Die Schöpfung bewahren

müsse. Und dieses Argument, dass Natur einen intrinsischen Wert hat, ist auch für AtheistInnen und AgnostikerInnen anschlussfähig. Insbesondere durch kirchliche Arbeit wurde dies sehr tief in unserer Gesellschaft verankert:

Erst durch kirchliche Beteiligung wurden vorher marginale Friedens-, und Umweltbewegungen auch mit der bürgerlichen Mehrheitsgesellschaft vernetzt und einflussreich. Man denke z.B. an das Kreuz von Wackersdorf.

Auch wenn die Grünen das ungerne zugeben, aber die Partei „die Grünen“ wäre ohne Kirche nicht in der heutigen Form vorstellbar. Man denke nur an den Katholiken Winfried Kretschmann oder an die Position des Präses der evangelischen Kirche in Deutschland welche von 2009-2013 von Katrin-Göring-Eckhard ausgeübt wurde.

Auch in der DDR gab es eine enge Verzahnung zwischen Kirche, Umweltschutz- und Oppositionsbewegung, die sich gegenseitig unterstützt und gestärkt haben.

Eine konkreter Maßnahme in jüngerer Zeit ist das Freiwillige Ökologische Jahr, wo kirchliche Jugendorganisationen bei gut der Hälfte der FÖJ-Verhältnisse die Trägerschaft übernehmen, Weiterbildungen organisieren und FÖJlerInnen vernetzen. So sind auch durch Mitwirkung der Kirchen in den letzten Jahrzehnten zehntausende junge Menschen für Umwelt- und Klimaschutz sensibilisiert worden und wirken nun im Alter zwischen 20 und 40 Jahren als MultiplikatorInnen in der Gesellschaft.

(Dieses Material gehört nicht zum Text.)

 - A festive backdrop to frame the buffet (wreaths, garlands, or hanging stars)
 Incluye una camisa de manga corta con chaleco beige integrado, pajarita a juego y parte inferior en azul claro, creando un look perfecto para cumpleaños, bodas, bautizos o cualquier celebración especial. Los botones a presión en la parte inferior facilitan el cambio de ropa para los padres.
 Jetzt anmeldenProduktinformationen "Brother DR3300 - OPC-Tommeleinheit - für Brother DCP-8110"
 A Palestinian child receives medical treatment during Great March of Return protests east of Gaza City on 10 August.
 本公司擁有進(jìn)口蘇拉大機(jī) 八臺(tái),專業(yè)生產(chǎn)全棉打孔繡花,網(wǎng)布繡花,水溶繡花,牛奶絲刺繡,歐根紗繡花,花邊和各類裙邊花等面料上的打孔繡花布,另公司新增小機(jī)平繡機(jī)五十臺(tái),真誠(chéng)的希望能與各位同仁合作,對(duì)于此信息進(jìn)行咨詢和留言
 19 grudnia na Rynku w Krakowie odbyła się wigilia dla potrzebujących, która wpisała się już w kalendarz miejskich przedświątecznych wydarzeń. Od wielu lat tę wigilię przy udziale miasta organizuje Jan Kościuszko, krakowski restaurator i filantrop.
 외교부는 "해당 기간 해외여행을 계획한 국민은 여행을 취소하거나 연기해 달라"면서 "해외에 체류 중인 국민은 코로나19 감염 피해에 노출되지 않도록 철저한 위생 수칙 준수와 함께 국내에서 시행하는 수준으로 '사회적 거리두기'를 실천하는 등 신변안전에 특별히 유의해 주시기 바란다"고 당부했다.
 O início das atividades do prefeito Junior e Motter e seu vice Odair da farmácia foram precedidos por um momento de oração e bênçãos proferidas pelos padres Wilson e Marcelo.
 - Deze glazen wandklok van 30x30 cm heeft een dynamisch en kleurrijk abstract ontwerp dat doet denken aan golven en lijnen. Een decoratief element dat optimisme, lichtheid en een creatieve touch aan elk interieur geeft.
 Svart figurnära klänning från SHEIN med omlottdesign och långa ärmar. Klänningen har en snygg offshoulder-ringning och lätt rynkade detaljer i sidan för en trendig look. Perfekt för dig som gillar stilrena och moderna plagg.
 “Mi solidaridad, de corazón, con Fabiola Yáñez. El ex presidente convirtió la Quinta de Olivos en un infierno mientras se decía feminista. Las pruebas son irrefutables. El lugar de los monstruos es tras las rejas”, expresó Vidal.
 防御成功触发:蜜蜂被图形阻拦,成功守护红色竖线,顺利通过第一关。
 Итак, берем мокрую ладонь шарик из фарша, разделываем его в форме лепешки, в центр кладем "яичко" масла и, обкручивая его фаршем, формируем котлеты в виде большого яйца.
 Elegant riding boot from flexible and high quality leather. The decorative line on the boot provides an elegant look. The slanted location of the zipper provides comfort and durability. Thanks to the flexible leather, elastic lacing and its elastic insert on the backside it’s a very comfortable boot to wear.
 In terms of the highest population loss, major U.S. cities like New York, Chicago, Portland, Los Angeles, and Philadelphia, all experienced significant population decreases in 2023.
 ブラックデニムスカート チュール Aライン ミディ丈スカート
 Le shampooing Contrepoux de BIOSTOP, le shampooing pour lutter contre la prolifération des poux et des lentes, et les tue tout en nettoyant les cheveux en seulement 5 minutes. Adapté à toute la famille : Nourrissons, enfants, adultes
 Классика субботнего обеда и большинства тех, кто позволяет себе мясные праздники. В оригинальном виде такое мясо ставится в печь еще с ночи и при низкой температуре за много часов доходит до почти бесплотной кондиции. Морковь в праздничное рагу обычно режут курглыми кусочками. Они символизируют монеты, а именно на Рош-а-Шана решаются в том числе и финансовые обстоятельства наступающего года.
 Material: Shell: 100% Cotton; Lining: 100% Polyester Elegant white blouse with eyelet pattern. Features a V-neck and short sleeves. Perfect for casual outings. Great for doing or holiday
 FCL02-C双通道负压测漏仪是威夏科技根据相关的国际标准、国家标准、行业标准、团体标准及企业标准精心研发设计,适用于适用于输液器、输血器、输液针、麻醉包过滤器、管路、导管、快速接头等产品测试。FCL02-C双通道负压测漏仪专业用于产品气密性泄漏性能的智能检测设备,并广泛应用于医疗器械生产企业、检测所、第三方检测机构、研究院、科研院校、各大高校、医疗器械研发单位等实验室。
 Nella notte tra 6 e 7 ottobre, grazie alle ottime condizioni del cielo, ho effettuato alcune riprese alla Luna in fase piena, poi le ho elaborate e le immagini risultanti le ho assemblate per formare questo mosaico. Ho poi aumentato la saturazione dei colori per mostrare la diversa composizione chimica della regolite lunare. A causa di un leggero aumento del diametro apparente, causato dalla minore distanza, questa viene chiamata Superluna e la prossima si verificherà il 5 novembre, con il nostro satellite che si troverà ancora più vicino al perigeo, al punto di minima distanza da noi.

Der Begriff der Klimagerechtigkeit spielt im Diskurs in Deutschland eine im internationalen Vergleich größere Rolle, als in anderen industrialisierten Ländern. Entwicklungszusammenarbeit kirchlicher Gemeinden mit Partnergemeinden im globale Süden hat die Erkenntnis, dass wir mit unseren Emissionen die Lebensgrundlagen anderer Menschen zerstören, verankert. Das hatte konkrete Folgen: So wären die hunderte Milliarden, die Deutschland als Anschubfinanzierung für Solarenergie investiert hat, bis diese endlich günstig wurden, ohne diese gesellschaftliche Verankerung des Bewusstseins, dass unser Konsum anderen Menschen die Lebensgrundlagen zerstört, viel schwerer zu vermitteln gewesen.